# Niner bikes getting into non-mountain bikes



## tednugent (Apr 26, 2010)

Niner RLT ? First Look - BikeRadar

More of a gravel bike than cross bike.


----------



## five5 (Jun 20, 2012)

Interested in what people think about this. Obviously the hardcore roadies are going to hate it, just like the 26ers in MTB.

I'm interested... I'm a Niner MTB fan (I also have 26ers), and think this could be a cool commuter/fitness/cross training bike.

I'd consider setting it up with a flat bar, but maybe not.

Either way, interesting for sure!


----------



## Nater (Feb 7, 2003)

I love it. 

It's got the only thing missing from the Salsa Warbird (for me)...clearance for 45mm tires. I do a long gravel ride every year that I want clearance for at least 40mm tires and fenders.

For an all-purpose gravel/road/very occasional Cx racer, this will do the job nicely (for me).


----------



## Local Hero (Jul 8, 2010)

Awesome. Thanks for posting. 

Just how different is the geometry between gravel bikes and cross bikes? 

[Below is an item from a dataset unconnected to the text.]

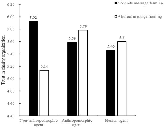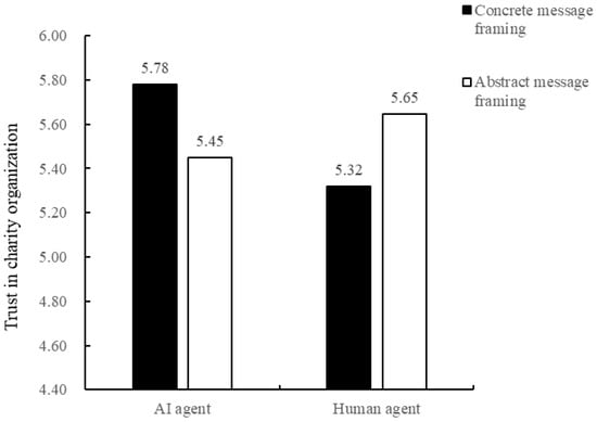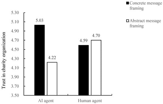 To examine the interaction effect between communication agent type and message framing, a two-way ANOVA was conducted with agent type (AI = 1, human = 0) as the independent variable and message framing (concrete = 1, abstract = 0) as the moderator. The dependent variable was trust in the charitable organization. The analysis revealed a significant interaction effect on organizational trust (F(1, 295) = 7.332, p = 0.007, η2 = 0.017), whereas the main effects of communication agent and message framing on trust were both not significant. Specifically, when the agent was AI, participants in the concrete framing condition reported significantly higher trust than those in the abstract condition (Mconcrete = 5.840, SD = 0.736 vs. Mabstract = 4.973, SD = 1.377; F(1, 148) = 28.167, p < 0.001, η2 = 0.135). Conversely, when the agent was human, trust did not differ significantly between concrete and abstract framing conditions (Mabstract = 5.215, SD = 1.153 vs. Mconcrete = 5.382, SD = 1.107; F(1, 147) = 0.814, p = 0.369). Additionally, under concrete framing, participants in the AI condition reported higher trust than those in the human condition (Mai = 5.840, SD = 0.736 vs. Mhuman = 5.382, SD = 1.107; F(1, 149) = 8.953, p = 0.003, η2 = 0.057), whereas under abstract framing, trust did not differ between AI and human agents (Mhuman = 5.215, SD = 1.153 vs. Mai = 4.973, SD = 1.377; F(1, 146) = 1.332, p = 0.250). These results provided further support for Hypothesis 1a.
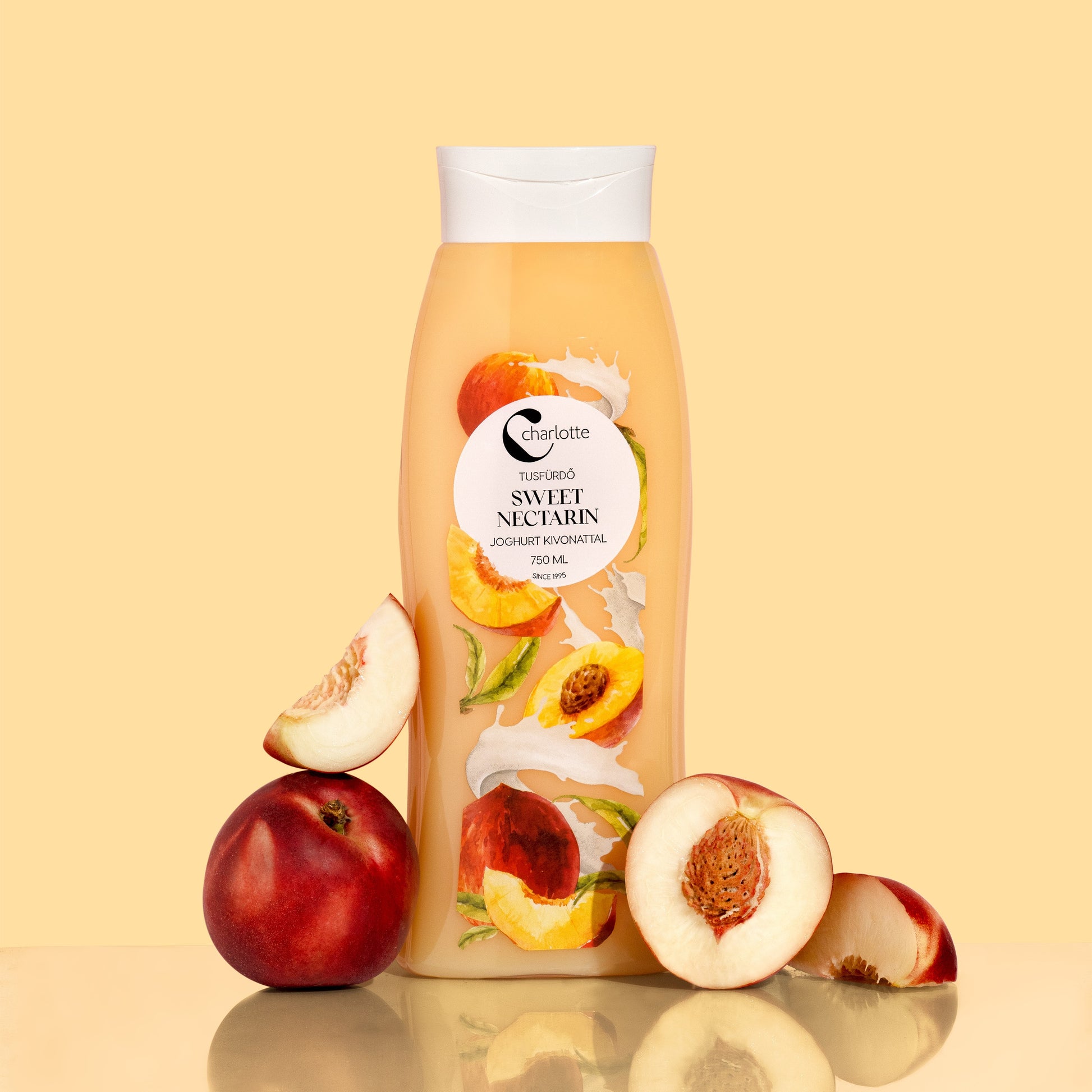 A friss nektarin illat és a hidratáló joghurt kivonat ötvözete

On a side note, I like that the "more relaxed" gravel bike is displayed with a SLAMMED STEM 

And why doesn't Niner put the brake cable inside the fork? 


I look forward to the carbon version. And I can't think of Niner without thinking of single speeds. 



five5 said:


> Obviously the hardcore roadies are going to hate it


Why do you say that?


----------



## Nater (Feb 7, 2003)

Local Hero said:


> Just how different is the geometry between gravel bikes and cross bikes?


From what I've gathered, primarily BB height/drop. BBs are taller on Cx bikes while "gravel bikes" have BB heights in the range of road bikes.


----------



## krisdrum (Oct 29, 2007)

Nater said:


> From what I've gathered, primarily BB height/drop. BBs are taller on Cx bikes while "gravel bikes" have BB heights in the range of road bikes.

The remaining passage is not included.